Tuesday, August 23, 2005

Primarily links to the Guardian

Mark Kurlansky:

What does it mean that George W. Bush, a man who has demonstrated little ability for reflection, who is known to read no newspapers and whose headlong charge into disaster after cataclysm has shown a complete ignorance of history, who wants to throw out centuries of scientific learning and replace it with mythical mumbo-jumbo that he mistakenly calls religion, who preaches Christianity but seems to have never read the teachings of the great anti-war activist, Jesus Christ, is now spending his vacation reading my book, Salt: A World History?

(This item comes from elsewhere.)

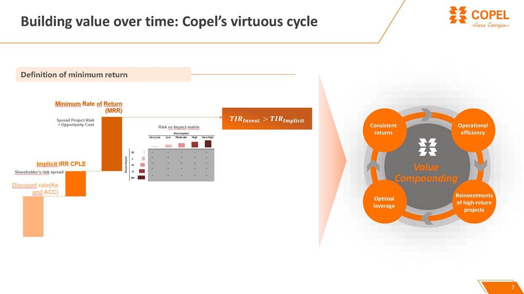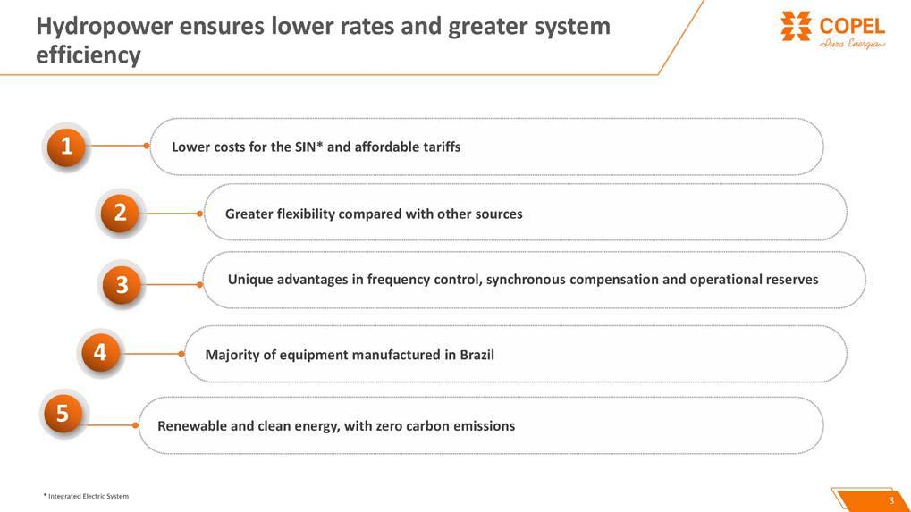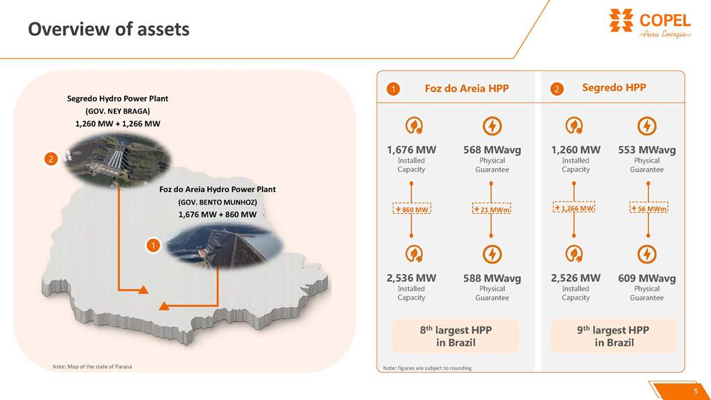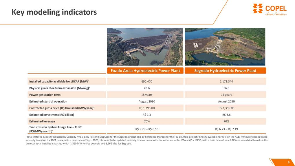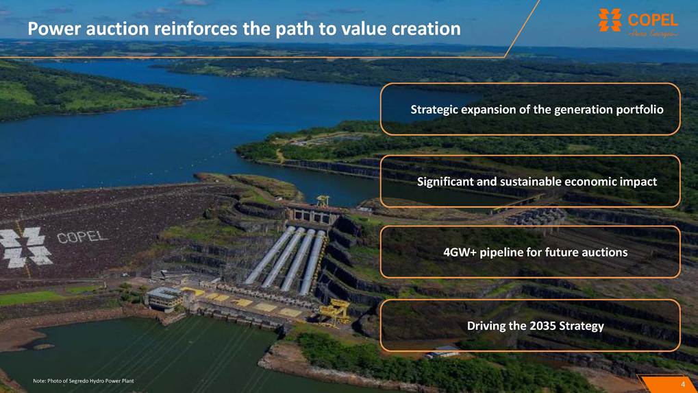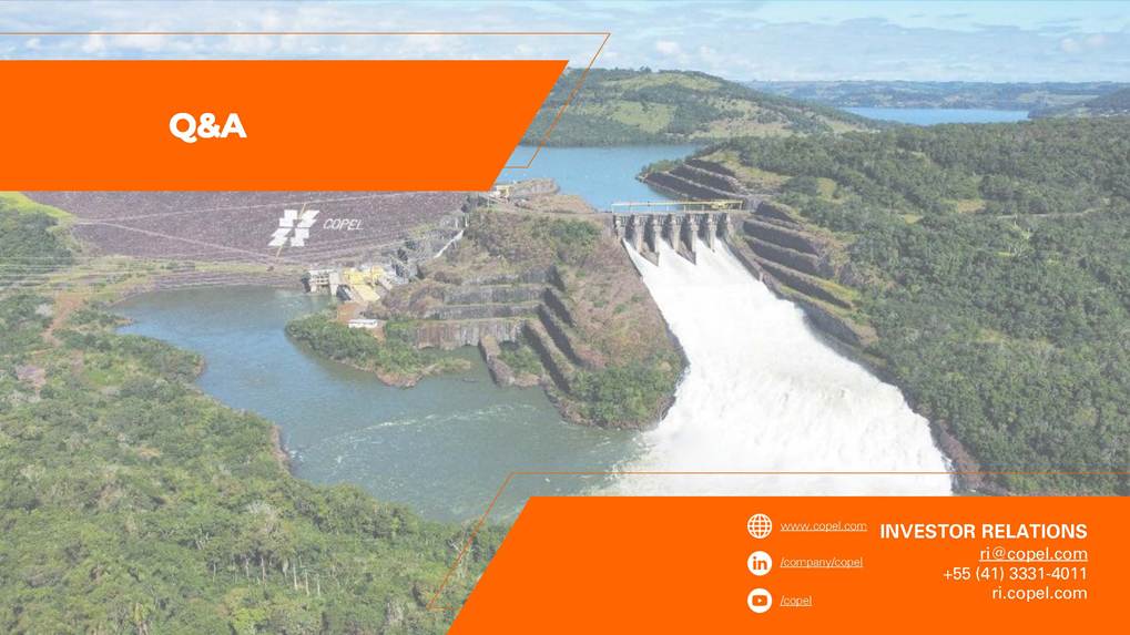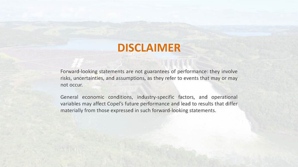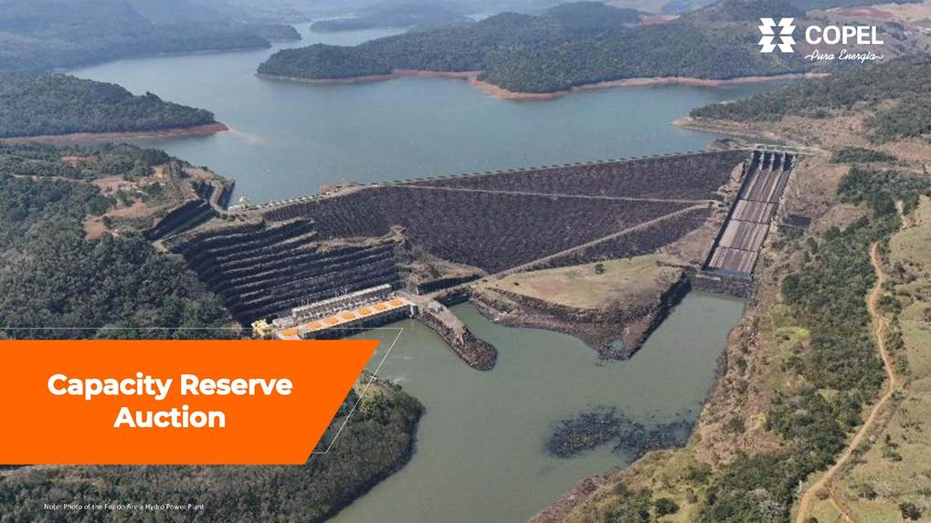 Capacity Reserve Auction Note: Photo of the Foz do Areia Hydro Power Plant 2 DISCLAIMER Forward-lookingstatementsarenotguaranteesofperformance:theyinvolverisks,uncertainties,andassumptions,astheyrefertoeventsthatmayormaynotoccur. Generaleconomicconditions,industry-specificfactors,andoperationalvariablesmayaffectCopel’sfutureperformanceandleadtoresultsthatdiffermateriallyfromthoseexpressedinsuchforward-lookingstatements. 3 Hydropower ensures lower rates and greater system efficiency 1 Lower costs for the SIN* and affordable tariffs Renewable and clean energy, with zero carbon emissions Greater flexibility compared with other sources 2 Unique advantages in frequency control, synchronous compensation and operational reserves 3 Majority of equipment manufactured in Brazil 4 5 * Integrated Electric System 4 Power auction reinforces the path to value creation Strategic expansion of the generation portfolio 4GW+ pipeline for future auctions Significant and sustainable economic impact Driving the 2035 Strategy Note: Photo of Segredo Hydro Power Plant 5 Foz do Areia HPP Segredo HPP 1 2 Overview of assets 1,260 MW Installed Capacity 1,676 MW Installed Capacity 568 MWavg Physical Guarantee 553 MWavg Physical Guarantee 2,526 MW Installed Capacity 2,536 MW Installed Capacity 588 MWavg Physical Guarantee 609 MWavg Physical Guarantee 9thlargest HPP in Brazil 8thlargest HPP in Brazil Foz do AreiaHydro Power Plant (GOV. BENTO MUNHOZ) 1,676 MW + 860 MW 1 Segredo Hydro Power Plant (GOV. NEY BRAGA) 1,260 MW + 1,266 MW 2 +860 MW +21 MWm +1,266 MW +56 MWm Note: figures are subject to rounding Note: Map of the state of Paraná 6 Foz do Areia Hydroelectric Power Plant Segredo Hydroelectric Power Plant Key modeling indicators InstalledcapacityavailableforLRCAP(MW)¹ 690.470 1,172.344 Physicalguaranteefromexpansion(Mwavg)2 20.6 56.3 Powergenerationterm 15 years 15 years Estimatedstartofoperation August 2030 August 2030 Contractedgrossprice(R$thousand/MW/year)3 R$ 1,395.00 R$ 1,395.00 Estimatedinvestment(R$billion) R$ 1.3 R$ 3.6 Estimatedleverage 70% 70% Transmission System Usage Fee –TUST (R$/MW/month)4 R$ 5.75 –R$ 6.10 R$ 6.73 –R$ 7.19 1Total installed capacity adjusted by Capacity Availability Factor (FDispCap) for the Segredo project and by Reference Storage for the Foz do Areia project; 2Energy available for sale on the ACL; 3Amount to be adjusted annually based on the IPCA index, with a base date of Sept. 2025; 4Amount to be updated annually in accordance with the variation in the IPCA and/or IGPM, with a base date of June 2025 and calculated based on the project’s total installed capacity, which is 860 MW for Foz do Areia and 1,266 MW for Segredo. 7 Building value over time: Copel’s virtuous cycle Operational efficiency Reinvestments of high-return projects Consistent returns Value Compounding Optimal leverage Definition of minimum return 8 Q&A INVESTOR RELATIONS ri@copel.com +55 (41) 3331-4011 ri.copel.com /company/copel /copel www.copel.com

Rachel Cusk on book groups:

Ashamed, I sat there wondering how the reality of life could have no power over them. It was my impression that they hadn't particularly liked any of the books they'd read, and I believed that this was because the books they'd read bore no relation to their own existence, to the kinds of houses they lived in, the relationships they had, the things they felt, their ordinary experience of sorrow, of doubt, of morality, of time. Yet it seemed they did not want to read about those things. Perhaps they wanted to escape them. At the end of the evening I asked them which book they'd enjoyed the most. Well now - they'd have to think. That meant going back a few years. The group had started as an antenatal group, you see. Somewhere along the line the books had replaced the babies. Finally they concurred: it was Barbara Kingsolver's The Poisonwood Bible, a novel too good to be "pure entertainment", though it was certainly gripping, and too political to qualify as "freak literature", though the experiences of its heroine are unusual. A novel of female experience and family life, only set in Africa with a rip-roaring storyline.

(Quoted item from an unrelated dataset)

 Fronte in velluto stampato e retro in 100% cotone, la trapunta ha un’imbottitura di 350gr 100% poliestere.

Zoe Williams on what MPs plan to read on vacation (Dan Brown and J.K. Rowling):

[W]hy aren't they embarrassed? Why aren't they at least pretending a greater intellectual evolution than this? What are they trying to hide? That they really prefer Enid Blyton?

Hendrik Hertzberg:

How did we—not just Americans but human beings in general—come to be? Opinions differ, but for most of recorded history the consensus view was that people were made out of mud. Also, that the mud was originally turned into people by a being or beings who themselves resembled people, only bigger, more powerful, and longer-lived, often immortal. The early Chinese theorized that a lonely goddess, pining for company, used yellow mud to fashion the first humans. According to the ancient Greeks, Prometheus sculpted the first man from mud, after which Athena breathed life into him. Mud is the man-making material in the creation stories of Mesopotamian city-states, African tribes, and American Indian nations.

Gravity refuted:

KANSAS CITY, KS--As the debate over the teaching of evolution in public schools continues, a new controversy over the science curriculum arose Monday in this embattled Midwestern state. Scientists from the Evangelical Center For Faith-Based Reasoning are now asserting that the long-held "theory of gravity" is flawed, and they have responded to it with a new theory of Intelligent Falling.

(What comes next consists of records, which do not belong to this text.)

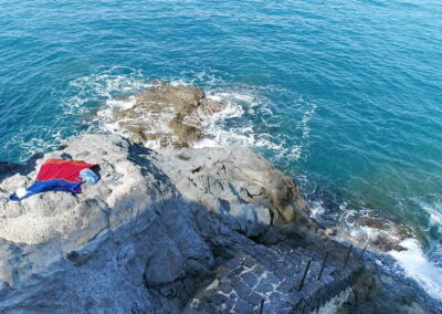 The large private terrace located on the lower floor also contain a swimming-pool filled with sea-water and there are several areas furnished for relaxing or dining outside with various locations for relaxing, gazebos, sauna, outdoor wood-burning stove and beautiful sea panorama, along with a descent down to the sea itself via a convenient flight of steps. Additional Bedroom 8 (available on request) Annex 2 Located at the beginning of the slope down to the sea, the last suite built and one of the most impressive, because it is dug directly into the rock of the coast. This room offers an exclusive view, has been furnished with a King size bed 180×200 cm., Air conditioning, En-suite bathroom with shower, Juliet balcony. (Important notice: Dependence n. 8 (built in the rocks) available only on request, in advance and if confirmed by the owner).
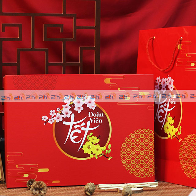 Hộp quà tết sản xuất với số lượng lớn có in hình ảnh, logo giúp doanh nghiệp đưa hình ảnh thương hiệu đến gần với công chúng hơn. Sự thật đã chứng minh được sức lan tỏa của việc quảng cáo bằng hình thức này.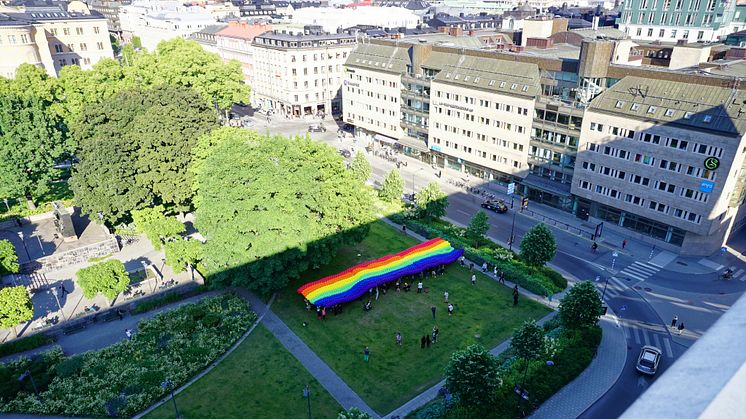 Alla som vill är välkomna att bege sig till Clarion Hotel Sign idag, onsdag den 15 juni, kl 17.00 för att delta. Flaggan kommer att skapas i parken på Norra Bantorget. Efter aktiviteten bjuder man in till en after work på Clarion Hotel Sign tillsammans med Stockholm Pride. Mer information finns i Facebook-eventet här.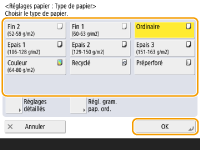 Quand <Ordinaire> est sélectionné, vous pouvez appuyer sur <Régl. gram. pap. ord.> pour sélectionner le grammage du papier.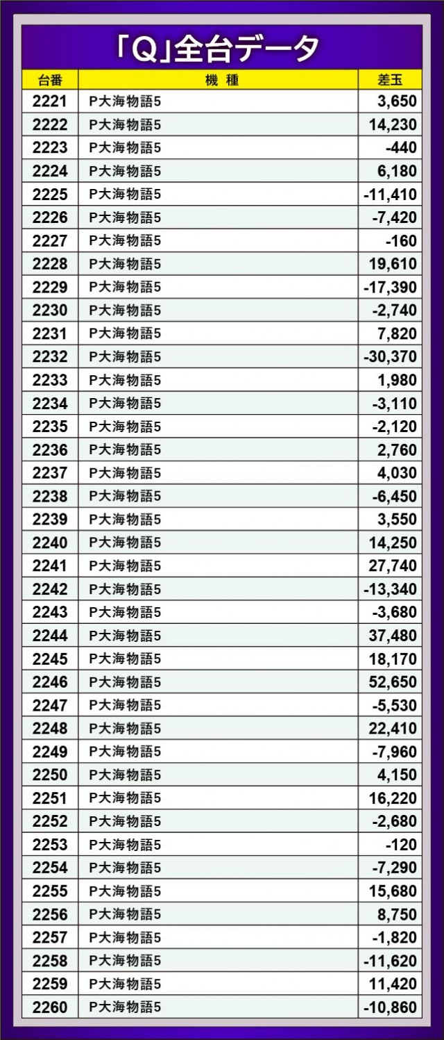 王道機種である『P大海物語5』では、2246番台+52,650玉という凄まじい熱気を放つ台が生まれた。ほかにも2241番台+27,740玉や2244番台+37,480玉といった記録を確認でき、コンスタントな初当りだけでなく、大連チャンが発生していた様子が窺える。また高い稼働を維持していたのも印象的で、ファン諸氏が厚い信頼を寄せているのも頷ける数字となった。

Alice Munro's "The View From Castle Rock":

On a visit to Edinburgh with his father when he is nine or ten years old, Andrew finds himself climbing the damp, uneven stone steps of the Castle. His father is in front of him, some other men behind—it’s a wonder how many friends his father has found, standing in cubbyholes where there are bottles set on planks, in the High Street—until at last they crawl out on a shelf of rock, from which the land falls steeply away. It has just stopped raining, the sun is shining on a silvery stretch of water far ahead of them, and beyond that is a pale green and grayish-blue land, a land as light as mist, sucked into the sky.